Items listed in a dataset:
········

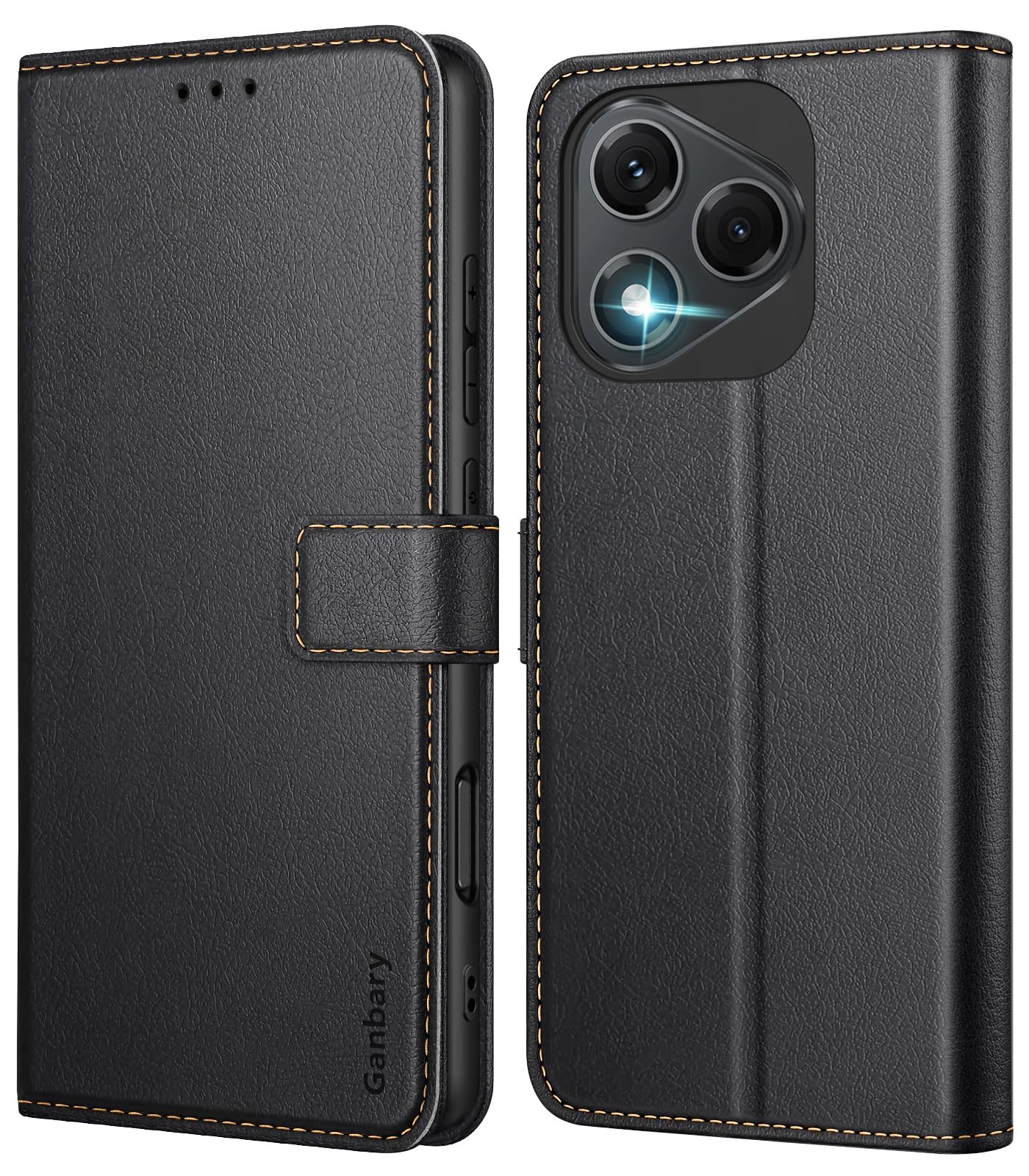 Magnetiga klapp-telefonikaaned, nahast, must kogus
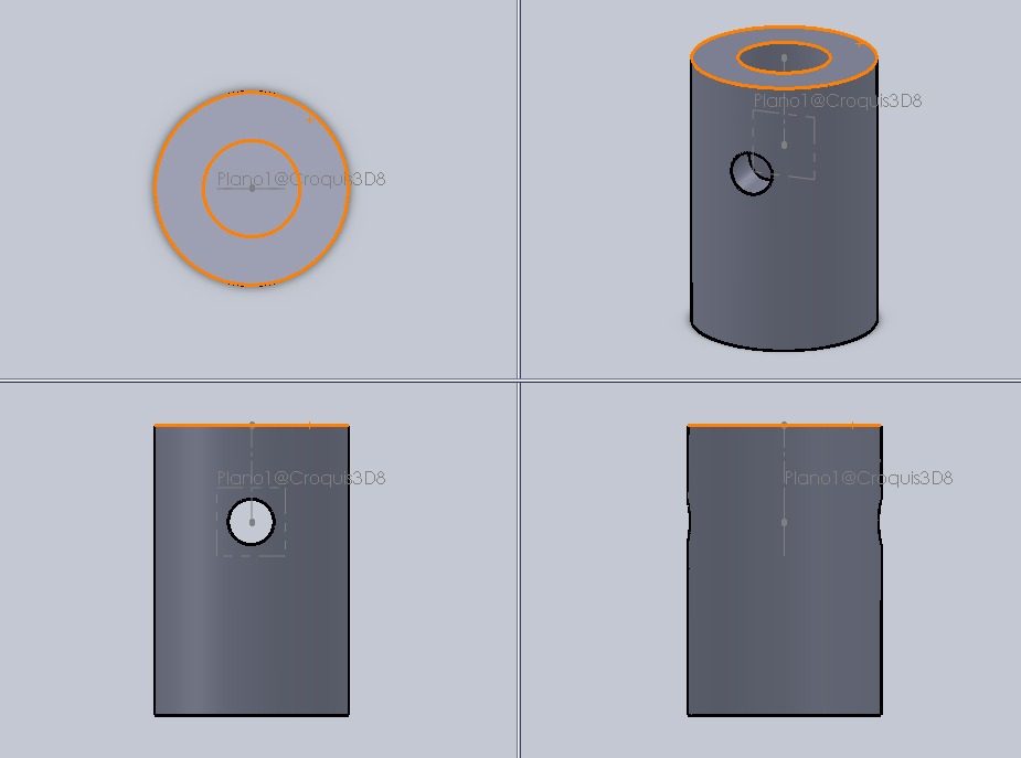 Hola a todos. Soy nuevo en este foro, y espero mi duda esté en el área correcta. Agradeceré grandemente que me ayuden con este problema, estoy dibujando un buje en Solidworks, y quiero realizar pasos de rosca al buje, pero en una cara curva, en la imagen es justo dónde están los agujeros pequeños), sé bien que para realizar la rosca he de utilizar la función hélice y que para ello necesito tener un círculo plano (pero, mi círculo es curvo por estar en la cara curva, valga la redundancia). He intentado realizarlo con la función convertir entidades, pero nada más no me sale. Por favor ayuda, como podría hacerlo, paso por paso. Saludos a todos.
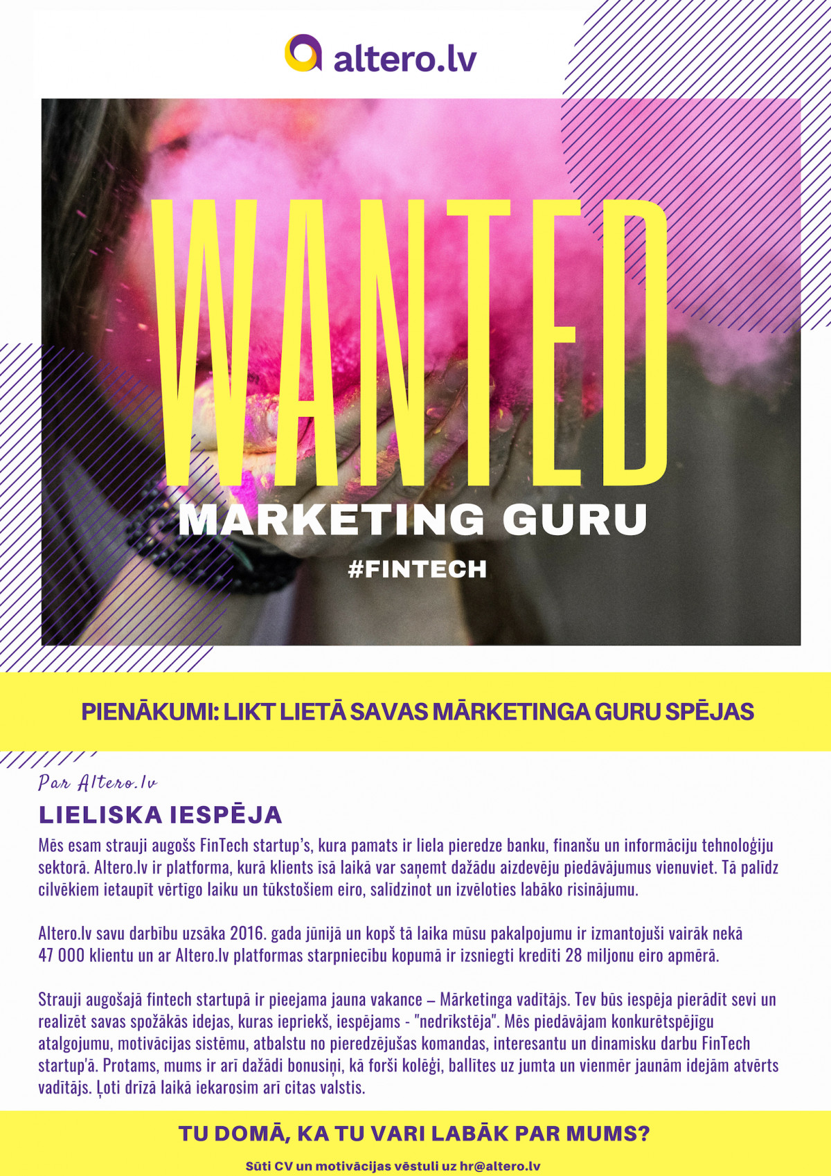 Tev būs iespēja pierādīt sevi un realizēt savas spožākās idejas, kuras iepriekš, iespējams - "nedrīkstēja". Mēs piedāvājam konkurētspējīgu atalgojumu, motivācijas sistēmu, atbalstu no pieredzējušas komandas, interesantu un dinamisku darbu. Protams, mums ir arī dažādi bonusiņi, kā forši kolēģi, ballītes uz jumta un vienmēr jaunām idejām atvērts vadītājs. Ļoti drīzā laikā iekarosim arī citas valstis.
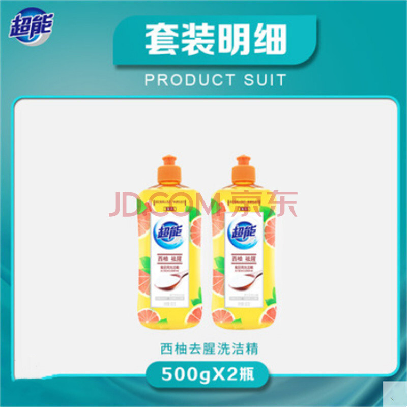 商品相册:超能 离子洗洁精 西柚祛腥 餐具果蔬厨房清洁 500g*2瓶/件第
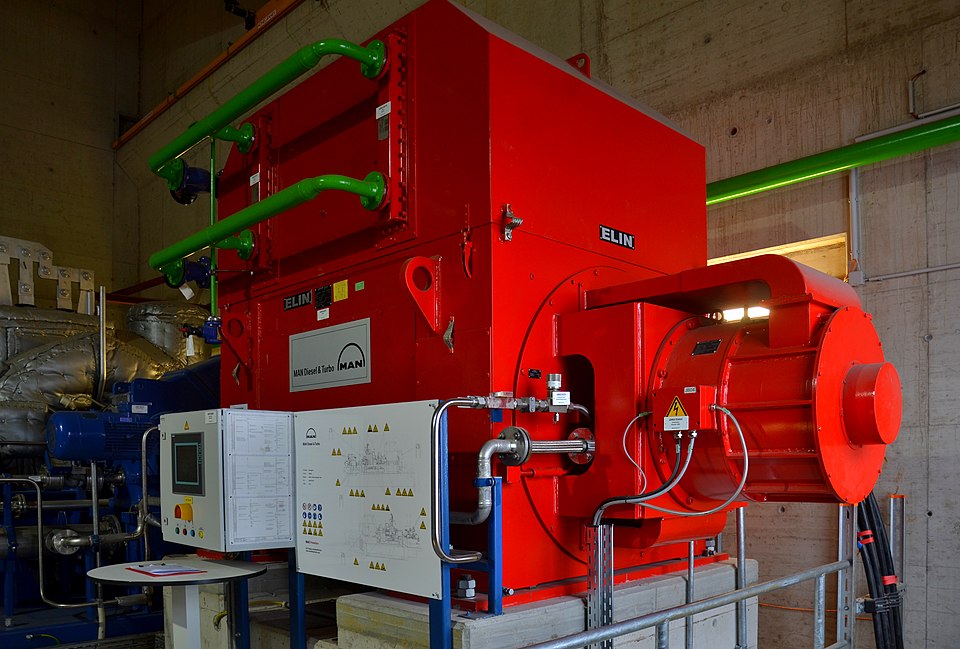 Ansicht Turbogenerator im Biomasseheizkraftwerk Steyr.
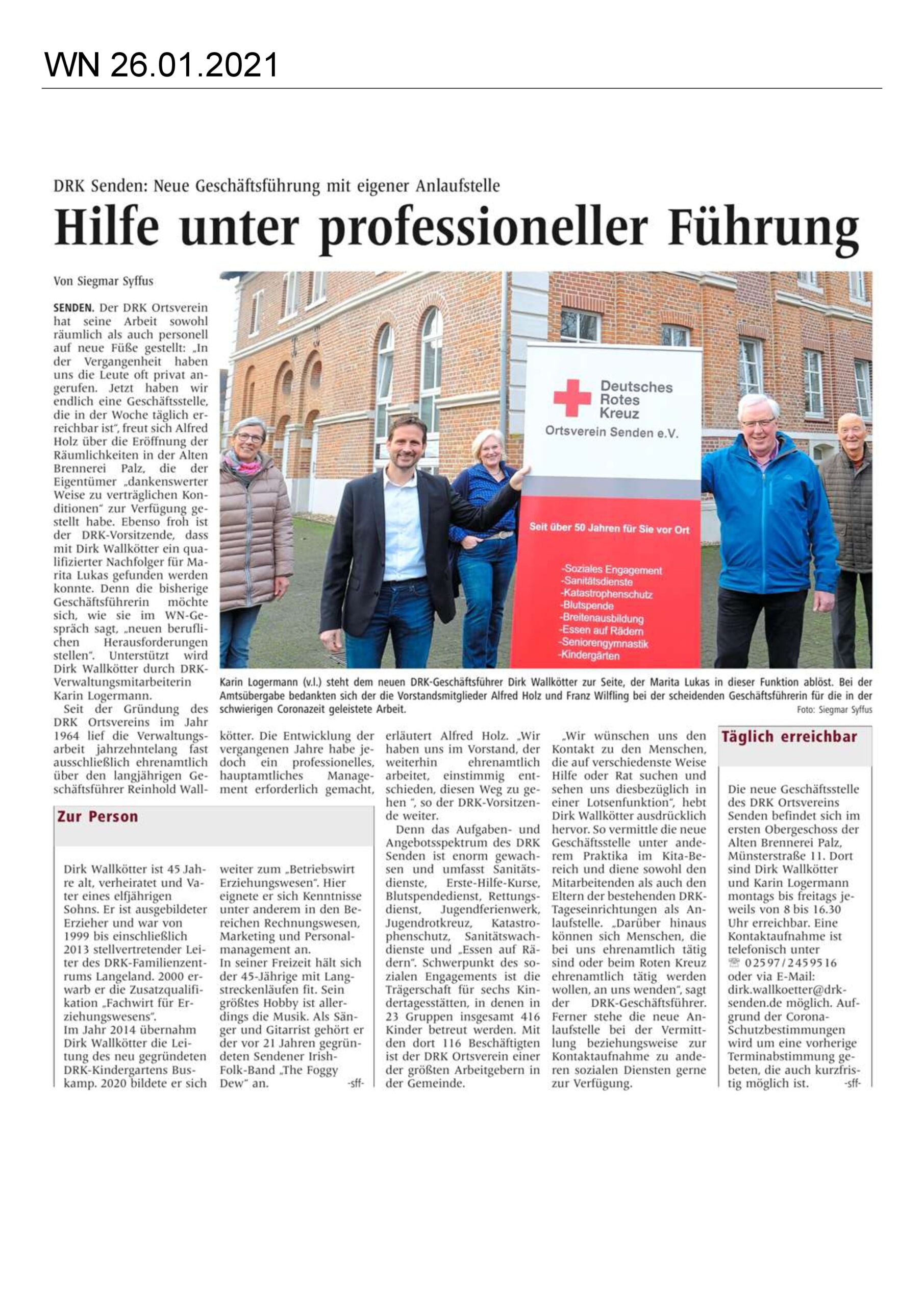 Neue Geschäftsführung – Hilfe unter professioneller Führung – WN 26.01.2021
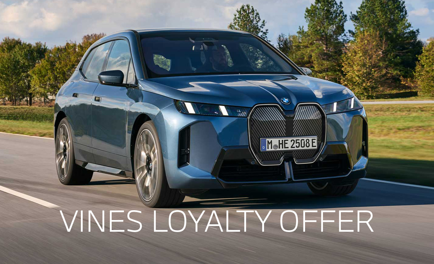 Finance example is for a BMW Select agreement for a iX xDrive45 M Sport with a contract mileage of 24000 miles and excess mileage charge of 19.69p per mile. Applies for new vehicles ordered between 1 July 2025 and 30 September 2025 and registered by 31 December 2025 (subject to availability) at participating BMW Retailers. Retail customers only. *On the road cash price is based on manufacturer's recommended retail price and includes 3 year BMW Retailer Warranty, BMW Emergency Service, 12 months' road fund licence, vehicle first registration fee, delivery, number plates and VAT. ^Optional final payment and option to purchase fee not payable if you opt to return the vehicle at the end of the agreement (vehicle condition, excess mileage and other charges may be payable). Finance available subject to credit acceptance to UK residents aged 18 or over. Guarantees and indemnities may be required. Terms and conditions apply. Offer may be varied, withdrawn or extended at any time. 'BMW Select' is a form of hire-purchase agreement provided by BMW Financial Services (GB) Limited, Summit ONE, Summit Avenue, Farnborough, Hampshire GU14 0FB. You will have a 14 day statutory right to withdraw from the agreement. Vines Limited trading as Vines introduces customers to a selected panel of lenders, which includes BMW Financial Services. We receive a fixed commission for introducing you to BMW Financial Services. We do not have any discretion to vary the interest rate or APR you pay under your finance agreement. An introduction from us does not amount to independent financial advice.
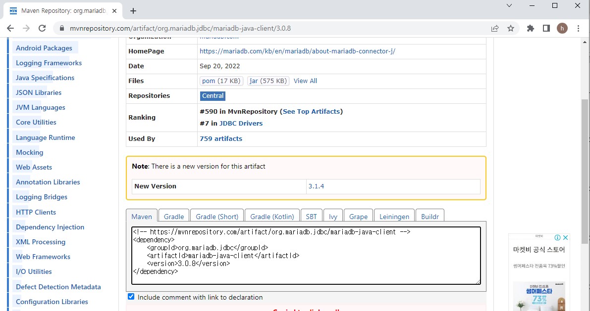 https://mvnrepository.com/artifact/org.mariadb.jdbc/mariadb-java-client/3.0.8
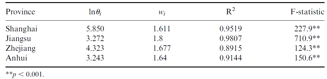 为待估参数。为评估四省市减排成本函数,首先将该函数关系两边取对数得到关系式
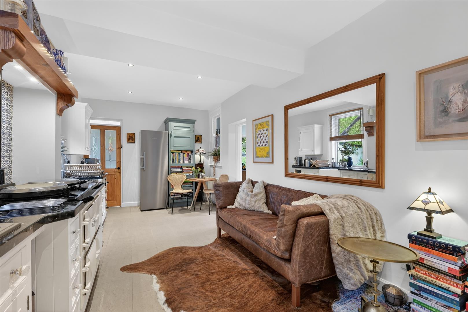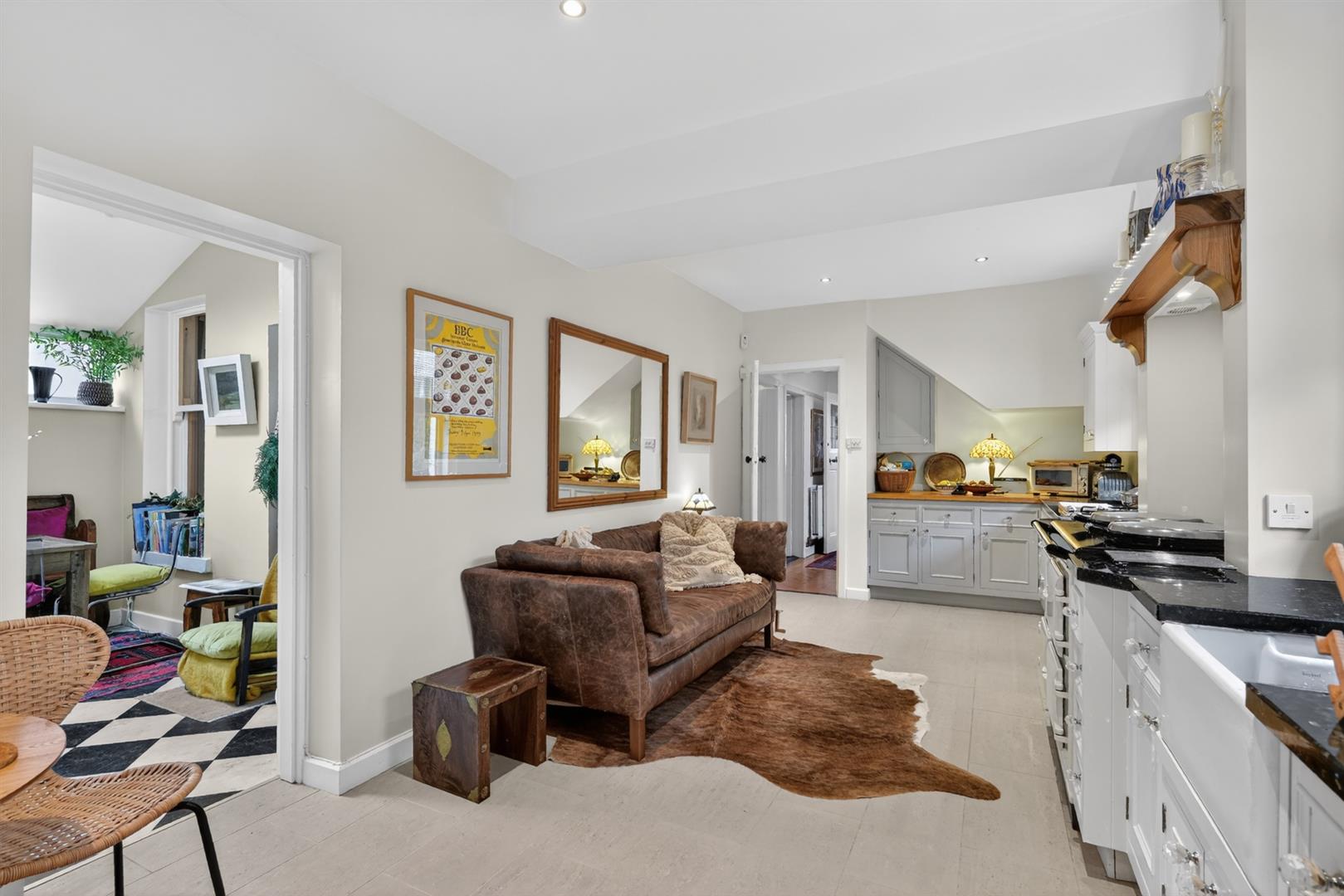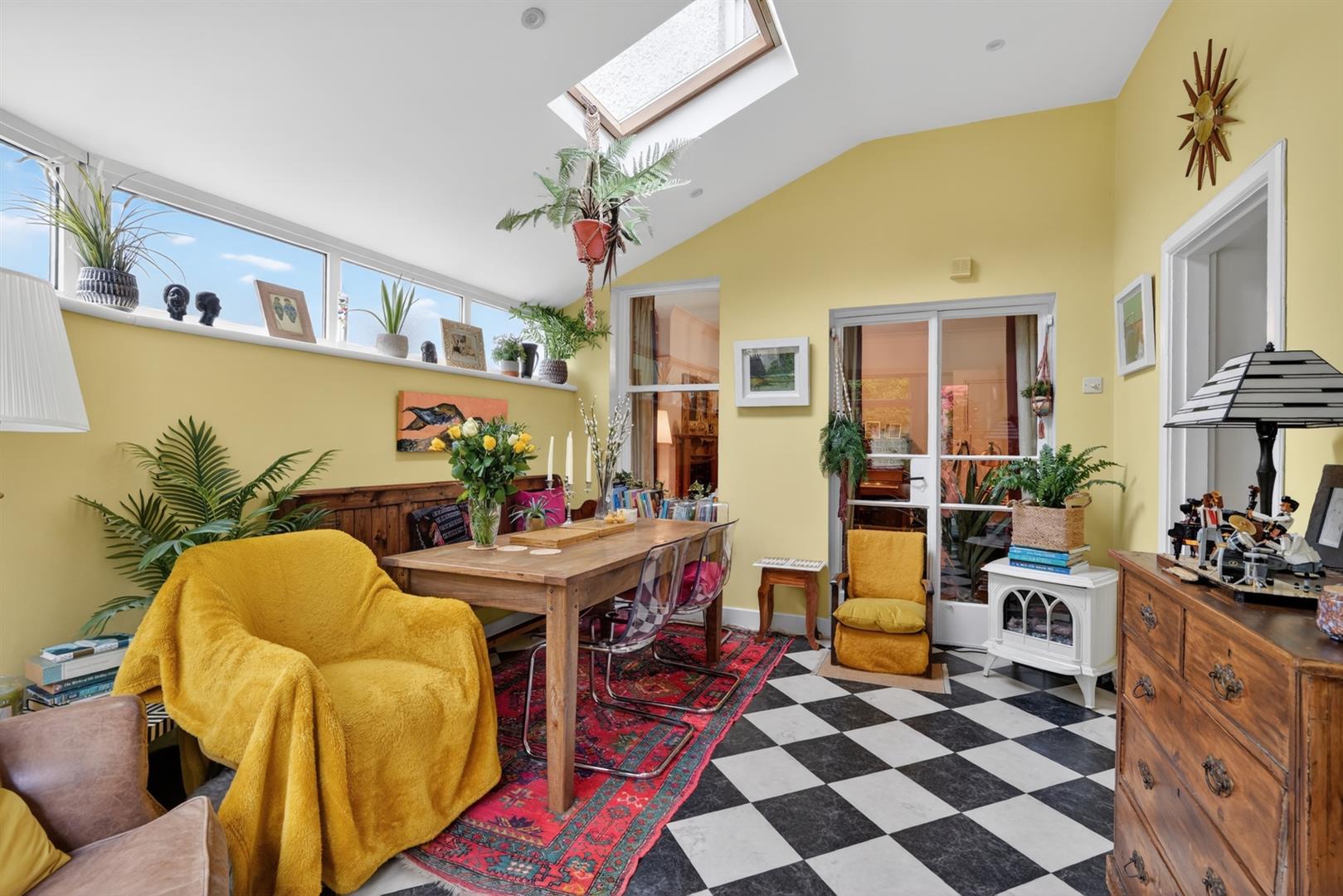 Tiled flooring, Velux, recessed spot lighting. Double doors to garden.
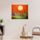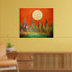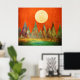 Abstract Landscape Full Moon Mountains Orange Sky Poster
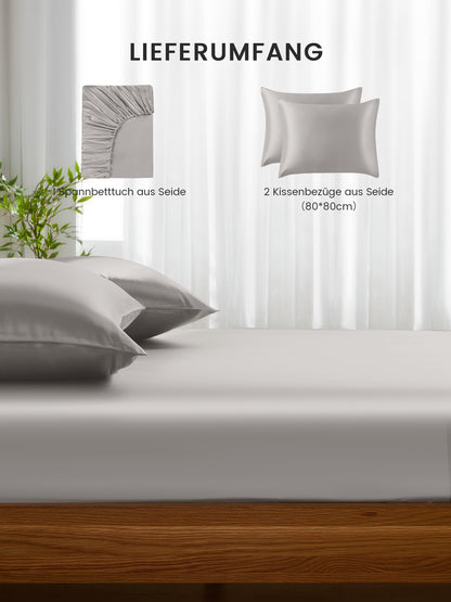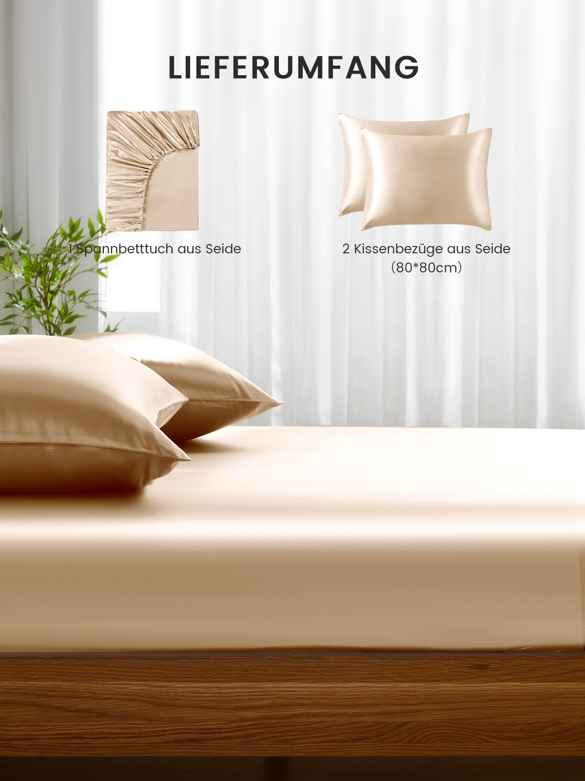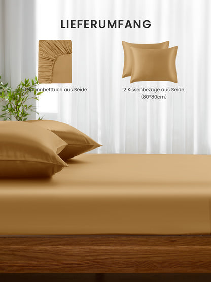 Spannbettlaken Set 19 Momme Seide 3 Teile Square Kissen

········

[WHAT YOU WILL DO]: Only the lines from the one holding "为待估参数。为评估四省市减排成本函数,首先将该函数关系两边取对数得到关系式" through the end of the data are to be printed, exactly as they stand and with no pictures.

[RESULT OF THE TASK]:
 为待估参数。为评估四省市减排成本函数,首先将该函数关系两边取对数得到关系式
 Tiled flooring, Velux, recessed spot lighting. Double doors to garden.
 Abstract Landscape Full Moon Mountains Orange Sky Poster
 Spannbettlaken Set 19 Momme Seide 3 Teile Square Kissen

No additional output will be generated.